Dicken verzog das Gesicht und schüttelte den Kopf. »Wohl kaum.«

»Und ich bin der Auslöser?«, fragte Kaye ungläubig.

»So einfach ist das nicht, Kaye.«

»Es wäre mir sehr Recht, wenn man mich auf dem Laufenden halten würde, Chris.«

»Christopher, bitte.« Er wirkte unangenehm berührt und kleinlaut.

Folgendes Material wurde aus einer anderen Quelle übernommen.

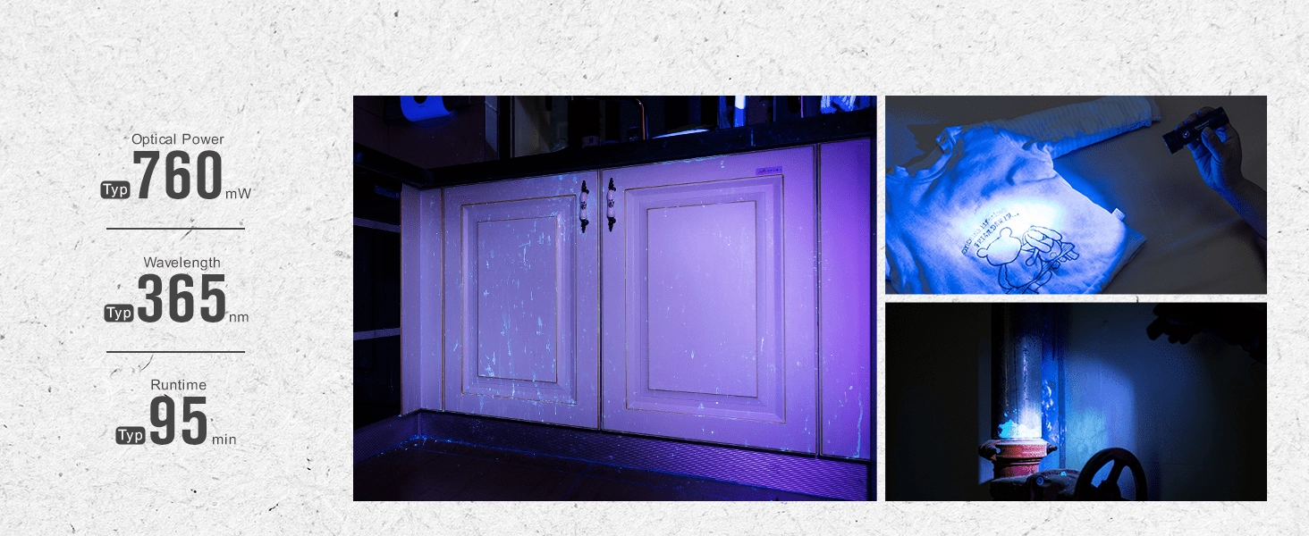 - UV 365 nm (760 mW) pour inspection, nettoyage et usage outdoor
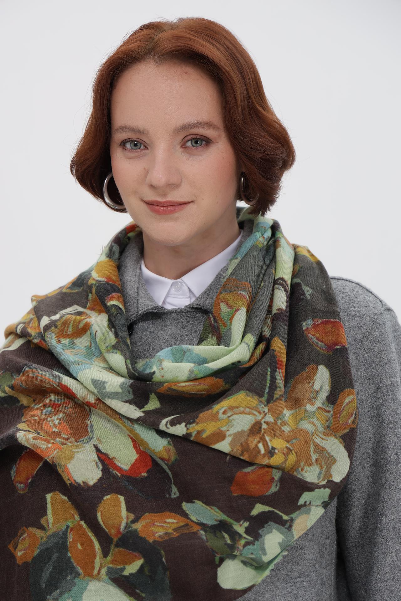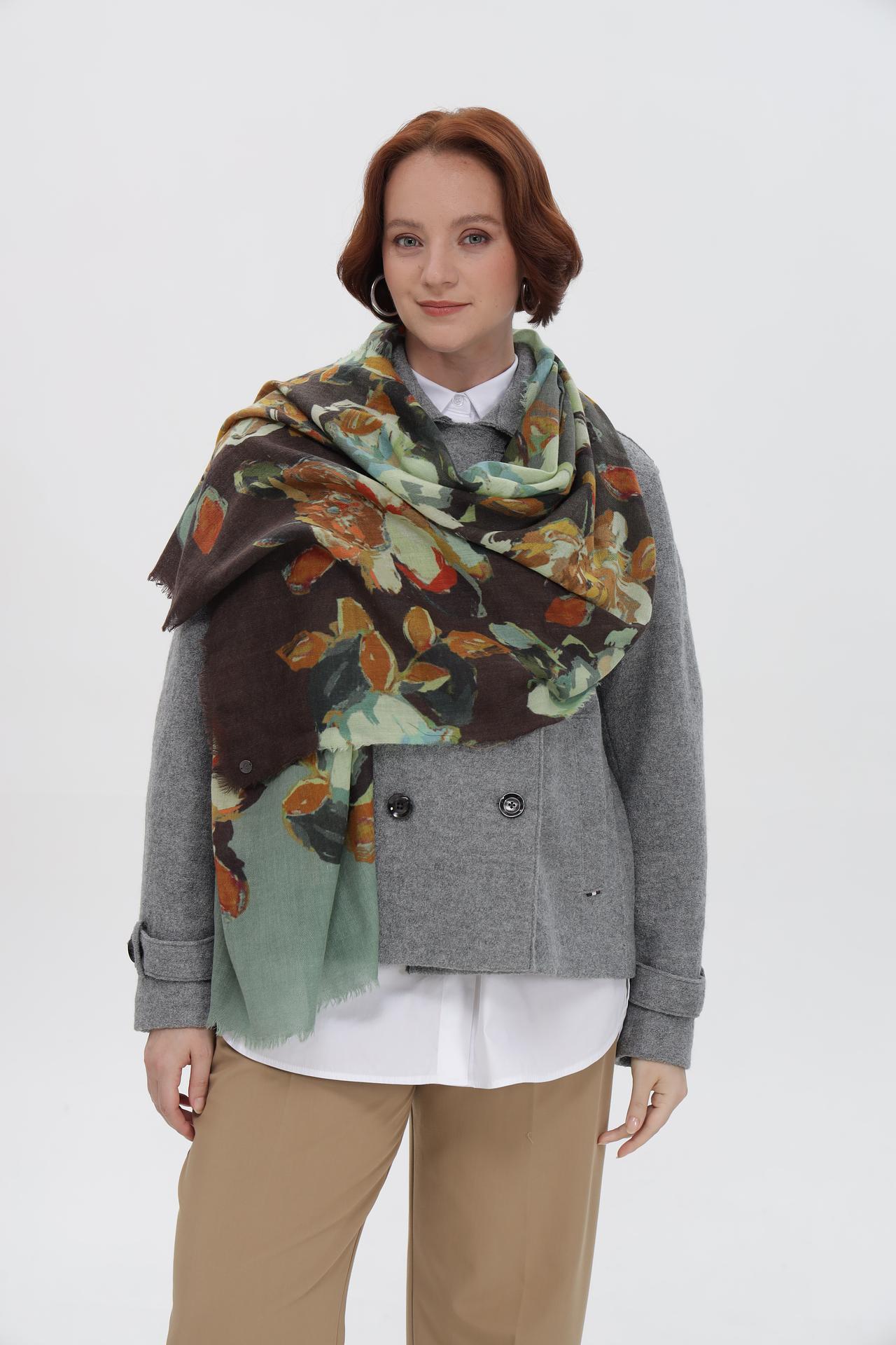 - Цветовая гамма: Многообразие оттенков. Шарф сочетает в себе коричневый, зеленый, оранжевый и бежевый цвета, что позволяет легко вписать его в различные цветовые решения гардероба.
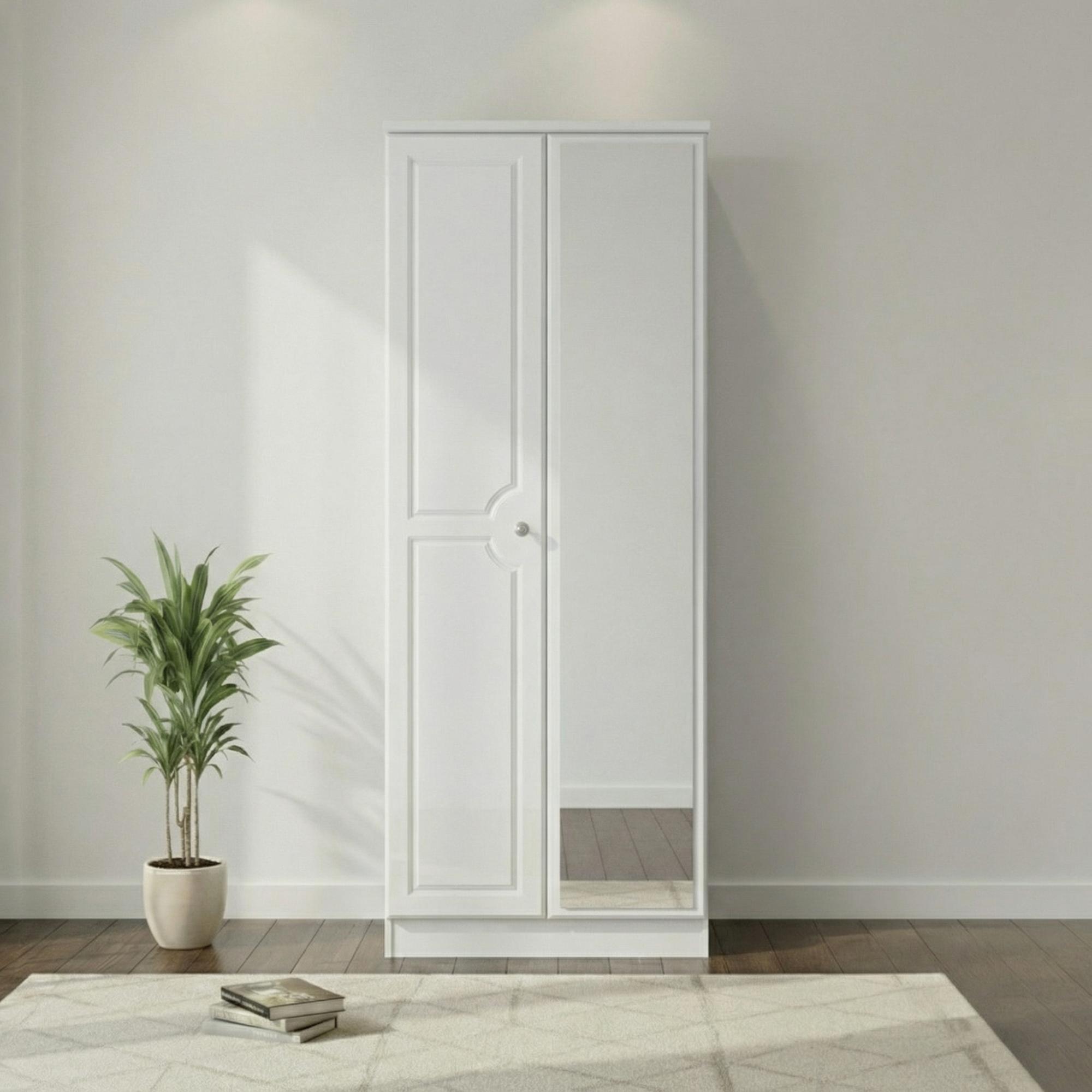 Pembroke White Gloss 2 Door Tall Wardrobe - 1 Mirror
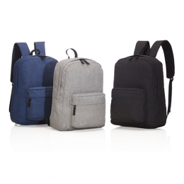 Mochila em tecido polyester, Ziper protegido, Bolso frontal com ziper.
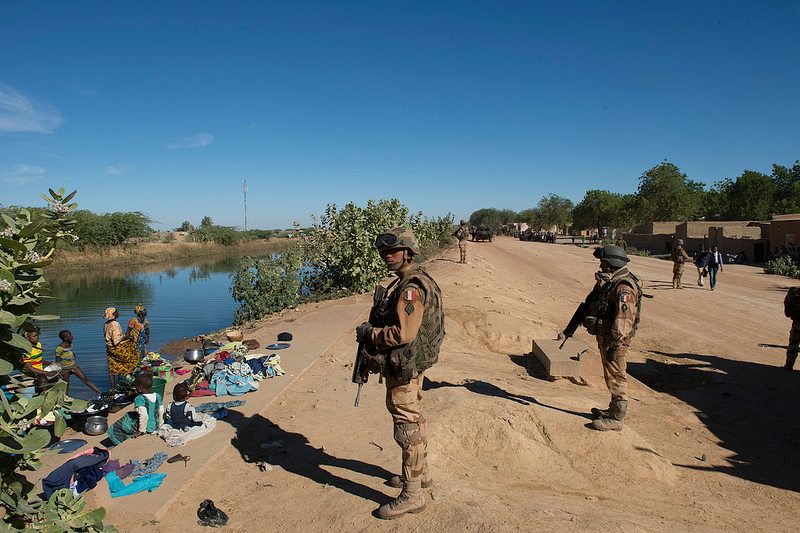 Infantes de Marina franceses, en un poblado maliense, entre las ciudades de Markala et Diabali

»Es wäre mir sehr Recht, wenn Sie mich auf dem Laufenden halten würden. Sie laufen hier ständig wie ein Schatten hinter mir her — was glauben Sie wohl, warum ich Sie für einen der wichtigsten Leute in der Taskforce halte?«

»Danke, aber das ist eine weit verbreitete Fehleinschätzung«, sagte er mit gequältem Lächeln. »Ich versuche, Schwierigkeiten aus dem Weg zu gehen, aber ich glaube, das gelingt mir nicht.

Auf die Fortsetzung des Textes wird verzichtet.